BRIEF: All lines below between the line with "老旧纹身修改纹身图片_背部修改狗狗纹身图案" and the line with "山西:历史组303分、物理组332分。", including both, must be copied exactly, and the pictures must be omitted.

DATA IN THIS EXERCISE:

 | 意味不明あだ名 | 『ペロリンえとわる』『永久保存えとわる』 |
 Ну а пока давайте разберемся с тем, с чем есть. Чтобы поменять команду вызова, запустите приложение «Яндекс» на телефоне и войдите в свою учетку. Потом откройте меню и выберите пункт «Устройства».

* * *

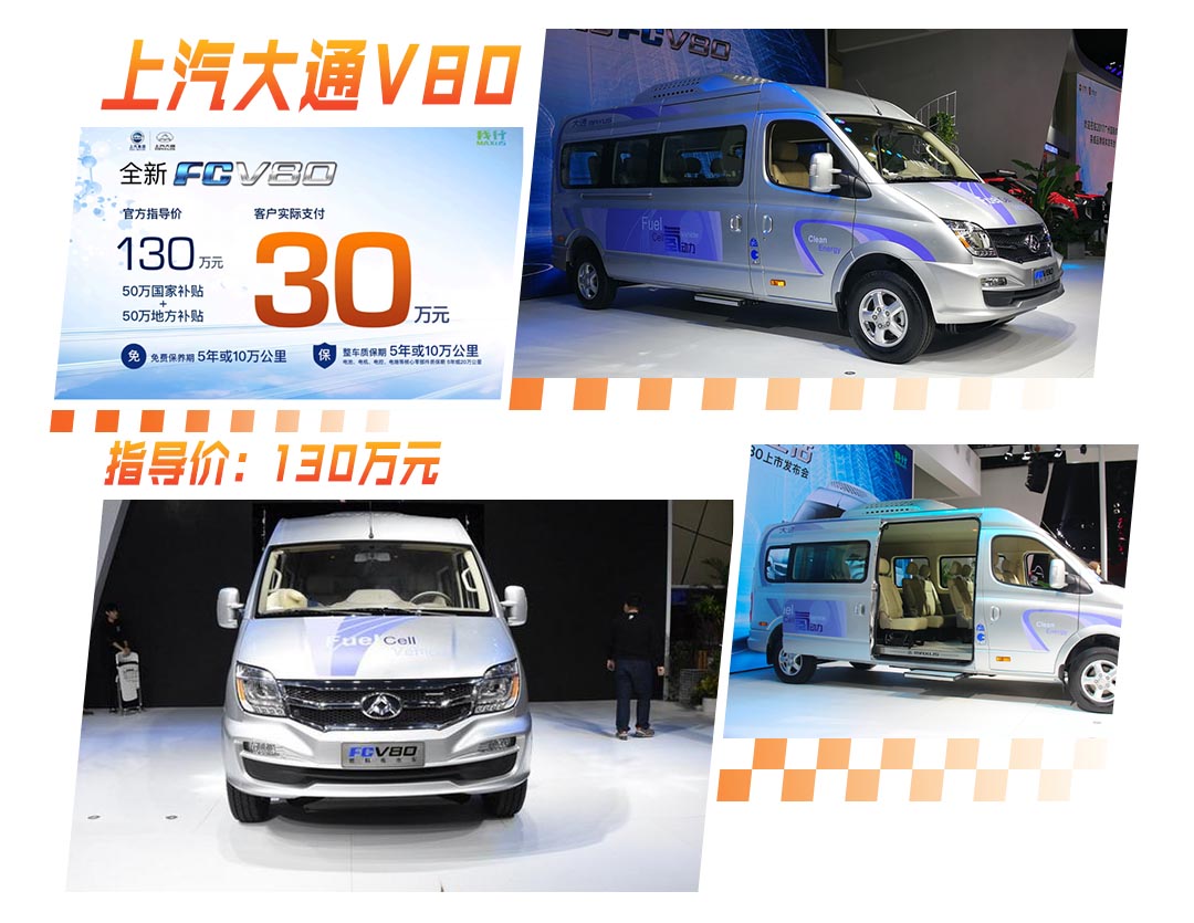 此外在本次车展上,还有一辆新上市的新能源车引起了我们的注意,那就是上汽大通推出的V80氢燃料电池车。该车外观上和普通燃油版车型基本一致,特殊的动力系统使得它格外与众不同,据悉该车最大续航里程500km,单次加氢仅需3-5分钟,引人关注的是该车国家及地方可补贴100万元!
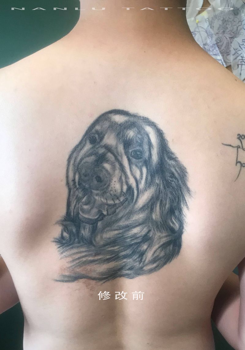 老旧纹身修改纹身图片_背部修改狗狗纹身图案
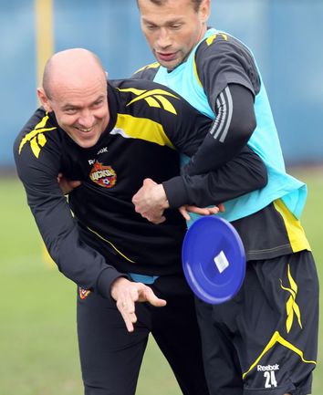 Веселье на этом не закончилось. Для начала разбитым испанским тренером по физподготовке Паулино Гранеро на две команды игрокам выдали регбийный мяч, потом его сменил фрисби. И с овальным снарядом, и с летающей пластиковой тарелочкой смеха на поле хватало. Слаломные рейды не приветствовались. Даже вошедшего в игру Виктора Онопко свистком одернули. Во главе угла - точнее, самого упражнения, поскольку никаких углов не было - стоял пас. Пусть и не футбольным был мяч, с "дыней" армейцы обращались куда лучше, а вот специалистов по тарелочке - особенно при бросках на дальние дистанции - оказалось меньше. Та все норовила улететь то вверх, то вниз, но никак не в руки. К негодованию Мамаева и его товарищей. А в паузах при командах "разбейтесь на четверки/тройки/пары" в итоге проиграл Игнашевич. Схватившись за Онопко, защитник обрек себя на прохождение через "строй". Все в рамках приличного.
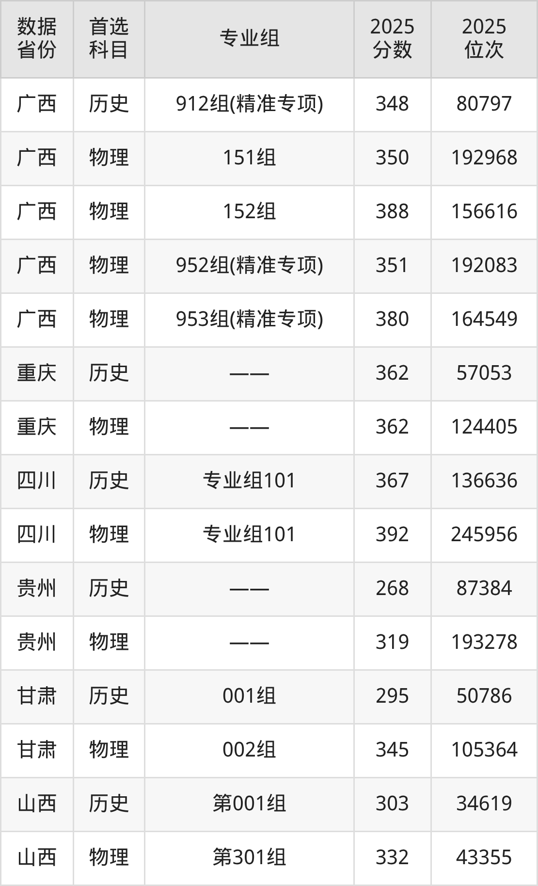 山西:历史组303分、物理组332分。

---

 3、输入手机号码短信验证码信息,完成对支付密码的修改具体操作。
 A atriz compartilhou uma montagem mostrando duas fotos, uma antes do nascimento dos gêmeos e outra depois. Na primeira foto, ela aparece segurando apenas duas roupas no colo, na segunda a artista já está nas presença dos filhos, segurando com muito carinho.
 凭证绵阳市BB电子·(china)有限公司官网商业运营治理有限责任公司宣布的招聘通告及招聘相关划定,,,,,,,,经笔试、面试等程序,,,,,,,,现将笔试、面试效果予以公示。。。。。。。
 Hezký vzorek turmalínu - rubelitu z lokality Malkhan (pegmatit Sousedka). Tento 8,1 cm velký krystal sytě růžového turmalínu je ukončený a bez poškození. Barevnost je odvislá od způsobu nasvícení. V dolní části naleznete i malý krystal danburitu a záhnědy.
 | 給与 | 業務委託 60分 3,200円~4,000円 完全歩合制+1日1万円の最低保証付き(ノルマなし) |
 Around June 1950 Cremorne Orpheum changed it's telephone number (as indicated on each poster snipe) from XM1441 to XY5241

WRITTEN SOLUTION:
 老旧纹身修改纹身图片_背部修改狗狗纹身图案
 Веселье на этом не закончилось. Для начала разбитым испанским тренером по физподготовке Паулино Гранеро на две команды игрокам выдали регбийный мяч, потом его сменил фрисби. И с овальным снарядом, и с летающей пластиковой тарелочкой смеха на поле хватало. Слаломные рейды не приветствовались. Даже вошедшего в игру Виктора Онопко свистком одернули. Во главе угла - точнее, самого упражнения, поскольку никаких углов не было - стоял пас. Пусть и не футбольным был мяч, с "дыней" армейцы обращались куда лучше, а вот специалистов по тарелочке - особенно при бросках на дальние дистанции - оказалось меньше. Та все норовила улететь то вверх, то вниз, но никак не в руки. К негодованию Мамаева и его товарищей. А в паузах при командах "разбейтесь на четверки/тройки/пары" в итоге проиграл Игнашевич. Схватившись за Онопко, защитник обрек себя на прохождение через "строй". Все в рамках приличного.
 山西:历史组303分、物理组332分。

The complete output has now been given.